Plastic Roads

Editorials News | Dec-08-2019

Plastic Roads

Rubbish dumping of waste in Bangalore is reaching crisis levels as rapid economic growth, overcrowding and poor urban planning combine.
India’s Silicon Valley produces some 5,000 tonnes of waste a day, of which 1,500 tonnes are plastic. Only a 25% goes for recycling and the rest is dumped in land fill or get burnt, generating greenhouse gas emissions.
A local businessman Ahmad Khan has taken it on himself to rid the city of its stinking garbage menace. Khan runs a firm named as KK Plastic Waste Management that aims to “create eternal scarcity of garbage” in the city.
KK Plastic has been building roads using the waste of plastic for a decade. It has been working with Bruhat Bengaluru Mahanagara Palike (BBMP) since 2002.
The Ministry of Environment and Forest has authorised civic bodies to use waste plastic to make roads, but red tape and policy paralysis have discouraged wide-spread use of technology.
Khanalso said "we can lay 500 km road in a year.

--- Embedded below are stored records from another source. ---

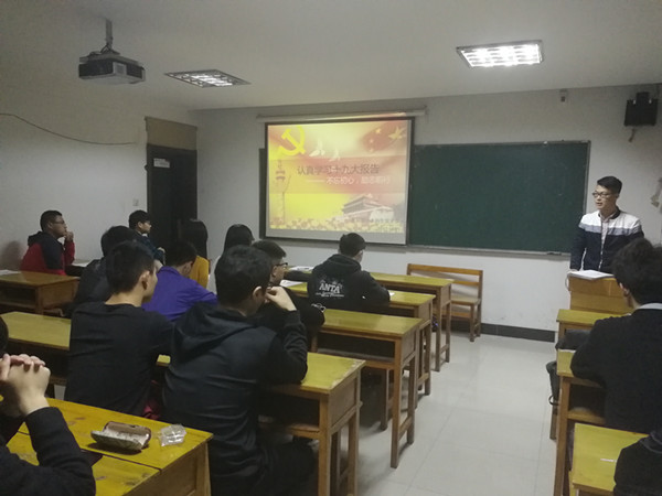 10月到11月期间,学生党支部在支部中积极宣传学习十九大精神,组织各类党员实践活动,组织一次学习研讨论坛、组织一次文艺演出、举办一次专题团课、组织一次党员活动月系列活动、开展一次观影活动、举行一次演讲比赛、开展一次党的知识竞赛、树立一批先进典型、举办一次主题支部奉献日活动、撰写一篇心得体会,以创新性的精神宣传与展示,项目化的价值引领和塑造,交融性的文化熏陶与内化,导向性的目标指引与促融,渗入式的活动组织与开展,榜样化的行为辐射与带动,将学习宣传贯彻十九大精神贯穿于学生教育管理的全过程,引导学生在求新、求真、求索、求融、求实、求思中研十九大精神之学,聚忠诚向党之心,立工业报国之志,励社会主义核心价值之行。
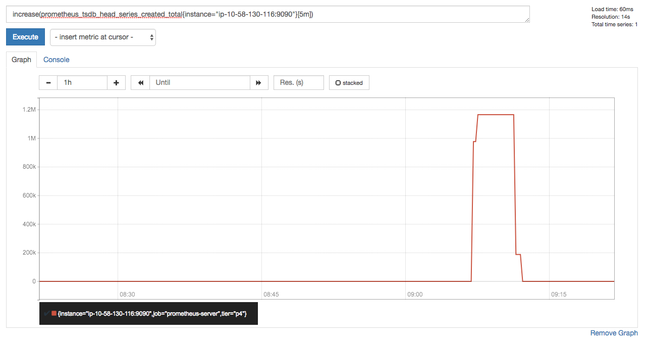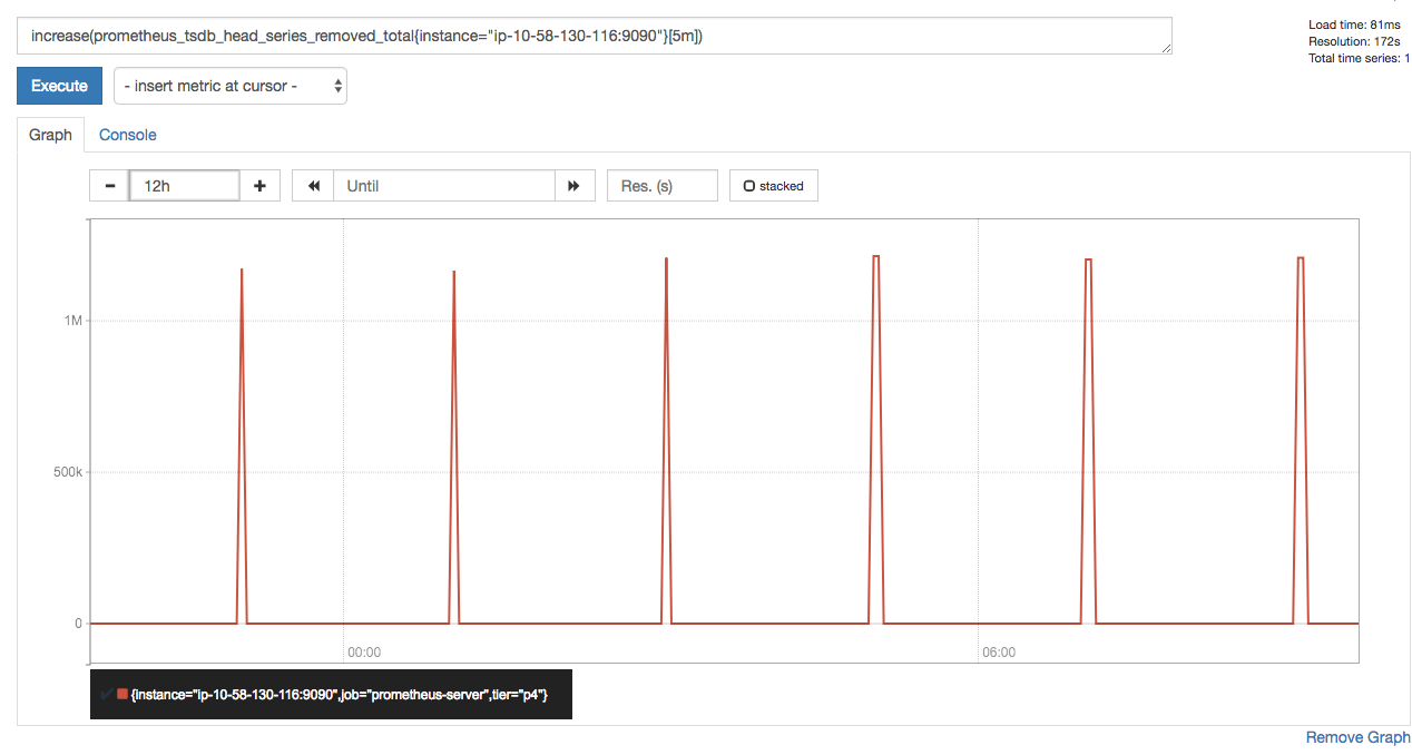 I would imagine that it's an issue for the first configuration with per-1h scrape. However, it still happens for per-30s scrapes. Moreover, in this case, it doesn't happen randomly, it happens at the same time as GC comes. |
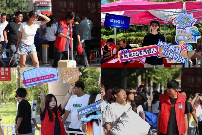 百余名志愿者遍布接站點和校園,通過信息咨詢、道路指引、物資領取、行李搬運,為新生入學保駕護航。學校還在報到現場設置了臨時飲水點和休息區,為新生和家長送去清涼。同時,校園內布置了多處打卡點,其中“熱烈歡迎新同學”巨型展板由全體新生名字組成,極具創意的設計引得學生和家長紛紛駐足尋找自己的名字并拍照留念。

But as you know, things get stuck at the bureaucratic level. Since the garbage problem became a headache for the authorities and they got to know about the importance of our work, now they are giving us more assignments,”
Khan’s firm supplies of waste plastic to BBMP, it cleans and shreds it. Eight parts of plastic are mixed with 100 parts bitumen to create a hard-wearing road surface.
Acknowledging the viability of the technology, the Public Works department has included instruction to use waste plastic in the road construction.
Though using plastic waste increases the cost of road construction by Rs 500 per cubic metre, but it also helps the civic body cut on cost of waste management and reduces the emissions.